**Goal of the exercise**
In the entries that follow, the first line to write out is the one containing "Gyönyörű, hibátlan műtárgy, két", and the last is the one containing "ggplot(clean_data, aes(x = Y))". Reproduce that stretch exactly, with nothing before or after it.

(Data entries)
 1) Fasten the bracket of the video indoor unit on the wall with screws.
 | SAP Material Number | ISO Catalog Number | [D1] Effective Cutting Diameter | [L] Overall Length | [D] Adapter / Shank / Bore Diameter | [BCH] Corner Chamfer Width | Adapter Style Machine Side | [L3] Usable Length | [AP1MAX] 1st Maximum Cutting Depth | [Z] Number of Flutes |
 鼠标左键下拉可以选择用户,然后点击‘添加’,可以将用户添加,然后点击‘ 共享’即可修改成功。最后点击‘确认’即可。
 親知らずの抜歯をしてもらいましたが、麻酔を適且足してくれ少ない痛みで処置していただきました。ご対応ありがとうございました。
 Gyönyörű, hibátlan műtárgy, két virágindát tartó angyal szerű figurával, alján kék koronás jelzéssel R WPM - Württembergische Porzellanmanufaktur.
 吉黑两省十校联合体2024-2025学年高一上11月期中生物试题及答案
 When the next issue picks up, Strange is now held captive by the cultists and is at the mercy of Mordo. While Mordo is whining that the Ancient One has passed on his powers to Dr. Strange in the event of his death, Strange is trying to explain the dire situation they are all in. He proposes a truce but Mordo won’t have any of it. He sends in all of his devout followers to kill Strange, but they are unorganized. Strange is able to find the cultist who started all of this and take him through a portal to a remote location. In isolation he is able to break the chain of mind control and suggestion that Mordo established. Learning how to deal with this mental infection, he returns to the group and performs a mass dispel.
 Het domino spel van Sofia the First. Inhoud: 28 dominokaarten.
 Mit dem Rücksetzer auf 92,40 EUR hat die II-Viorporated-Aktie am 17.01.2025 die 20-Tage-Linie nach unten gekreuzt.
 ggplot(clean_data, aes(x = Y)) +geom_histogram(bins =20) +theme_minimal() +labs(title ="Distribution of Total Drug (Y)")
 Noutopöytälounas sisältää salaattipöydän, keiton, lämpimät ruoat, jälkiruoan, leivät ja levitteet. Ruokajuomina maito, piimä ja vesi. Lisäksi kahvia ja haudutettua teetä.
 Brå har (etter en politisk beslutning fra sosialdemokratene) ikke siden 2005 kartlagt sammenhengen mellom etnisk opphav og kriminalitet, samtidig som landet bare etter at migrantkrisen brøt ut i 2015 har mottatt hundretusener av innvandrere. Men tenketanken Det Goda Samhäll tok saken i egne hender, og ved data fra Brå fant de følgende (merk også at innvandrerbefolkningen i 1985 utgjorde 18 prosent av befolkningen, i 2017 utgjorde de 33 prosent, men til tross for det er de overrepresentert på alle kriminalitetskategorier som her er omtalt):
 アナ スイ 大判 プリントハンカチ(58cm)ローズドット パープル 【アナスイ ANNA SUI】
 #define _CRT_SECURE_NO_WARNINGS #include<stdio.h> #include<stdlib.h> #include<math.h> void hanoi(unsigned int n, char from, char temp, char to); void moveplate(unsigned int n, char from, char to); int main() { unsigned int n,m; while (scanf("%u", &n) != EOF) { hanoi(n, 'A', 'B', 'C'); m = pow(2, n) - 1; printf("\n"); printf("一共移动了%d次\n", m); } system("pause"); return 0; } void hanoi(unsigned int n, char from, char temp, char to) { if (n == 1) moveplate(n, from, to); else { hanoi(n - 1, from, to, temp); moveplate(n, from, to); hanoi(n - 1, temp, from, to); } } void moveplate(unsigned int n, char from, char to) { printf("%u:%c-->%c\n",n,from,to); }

**Output of the task**
 Gyönyörű, hibátlan műtárgy, két virágindát tartó angyal szerű figurával, alján kék koronás jelzéssel R WPM - Württembergische Porzellanmanufaktur.
 吉黑两省十校联合体2024-2025学年高一上11月期中生物试题及答案
 When the next issue picks up, Strange is now held captive by the cultists and is at the mercy of Mordo. While Mordo is whining that the Ancient One has passed on his powers to Dr. Strange in the event of his death, Strange is trying to explain the dire situation they are all in. He proposes a truce but Mordo won’t have any of it. He sends in all of his devout followers to kill Strange, but they are unorganized. Strange is able to find the cultist who started all of this and take him through a portal to a remote location. In isolation he is able to break the chain of mind control and suggestion that Mordo established. Learning how to deal with this mental infection, he returns to the group and performs a mass dispel.
 Het domino spel van Sofia the First. Inhoud: 28 dominokaarten.
 Mit dem Rücksetzer auf 92,40 EUR hat die II-Viorporated-Aktie am 17.01.2025 die 20-Tage-Linie nach unten gekreuzt.
 ggplot(clean_data, aes(x = Y)) +geom_histogram(bins =20) +theme_minimal() +labs(title ="Distribution of Total Drug (Y)")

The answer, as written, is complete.